Voltron was a lot darker than Transformers. I think it was the one with all those horrible monsters the enemies placed against Voltron? (there were many spin-offs of that theme at the time).


----------



## Citrine (Oct 19, 2010)

Arthur
Sailor Moon
Power Rangers
Rurouni Kenshin
Pokemon
Digimon


----------



## AllToAll (Jul 6, 2011)

Dexter's Lab, Hey, Arnold! and The Wild Thornberrys

There was also an animal geographic-type show that was hosted by a lizard (a geico, I think?) that I used to love, too. I can't remember if it was on Nickelodeon or Disney Channel.


----------



## FunkyMonkey (Nov 26, 2012)

Pokemon!! Every1 collected the stickers in our school  and then they brought cards out so they became popular  
Stickers were only 20p per pack but cards cost like £6 per pack lol :/ 

I liked power rangers aswell


----------



## farfegnugen (Aug 16, 2010)

Scooby-Doo and those old shorts with Bugs Bunny and Goofy.


----------



## nullptr (Sep 21, 2012)

Alot: pokemon, Jimmy neutron, dexter's labratory, scooby doo, courage the cowardly dog, code name kids next door, oh and the magic school bus.
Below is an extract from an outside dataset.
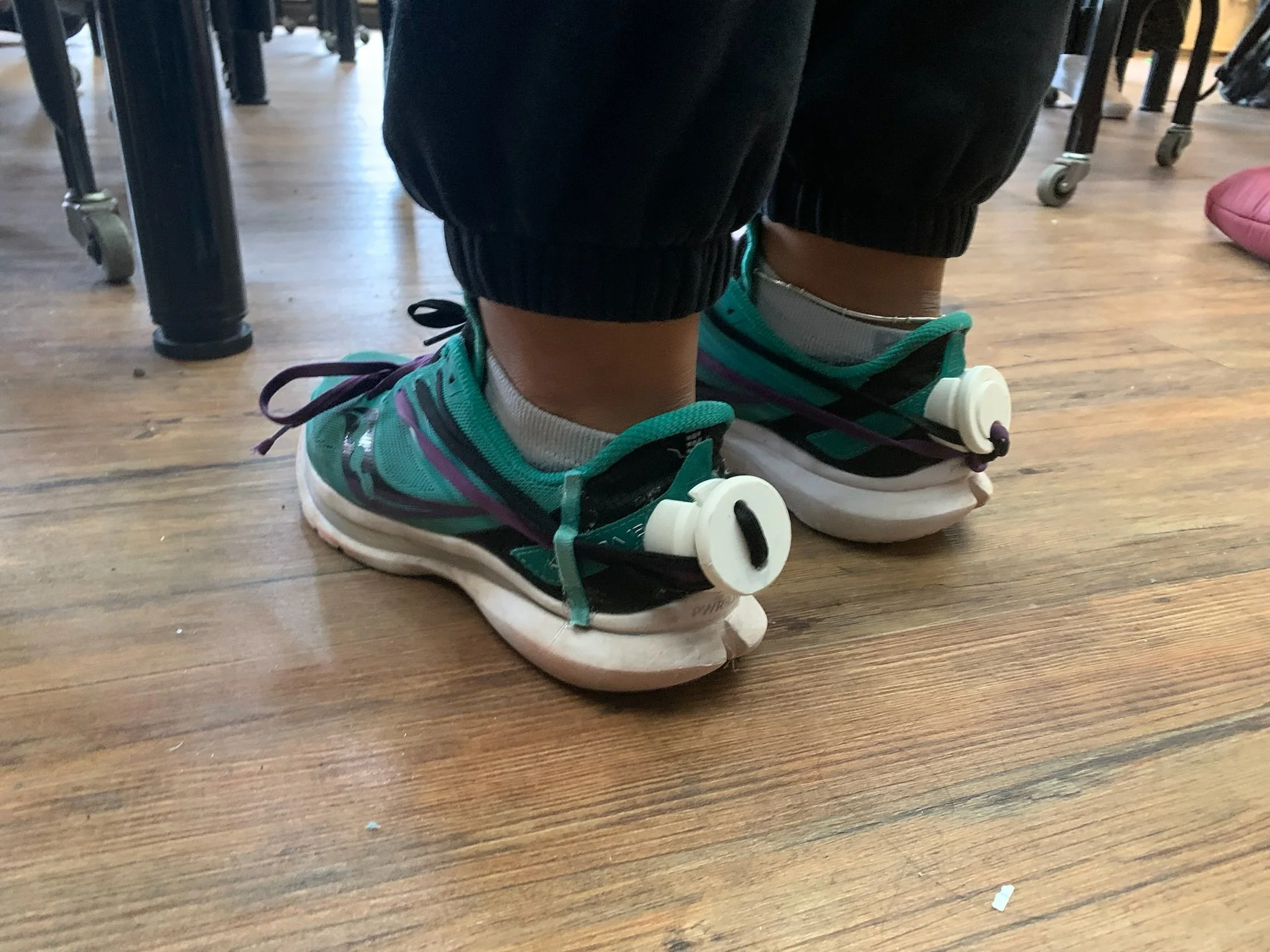 To start off this process, the team wanted to test the different accessibility mechanisms to see which one(s) would be the best. Three sneakers were modified by cutting off the sole and adding a vertical cut to the heel to accommodate for any sized foot. Pipe cleaners were then added to the bottom and back in a way that they could be tightened around the tester's shoe.

In my late kid years family guy, south park.


----------



## slider (Feb 9, 2013)

check it out, dial it in, and amp it up!


----------



## Reclus (Jan 11, 2012)

Clutch Cargo:






As the person who loaded it said: "Who needs drugs when there's films like this?"


----------



## Amphoteric (Sep 11, 2011)




----------



## SilentLyric (Aug 20, 2012)

spongebob, ed edd n eddy


----------



## The Enemy Within (Sep 20, 2012)

Dungeons & Dragons


----------



## Mersault (Dec 18, 2012)

80s cartoons were a lot different than 90s ones. In the 80s (pre-teen era for me) every cartoon was about the fight between good and evil. 90s cartoons seem to be either self-sarcastic, more about general life, or a lot more comedic.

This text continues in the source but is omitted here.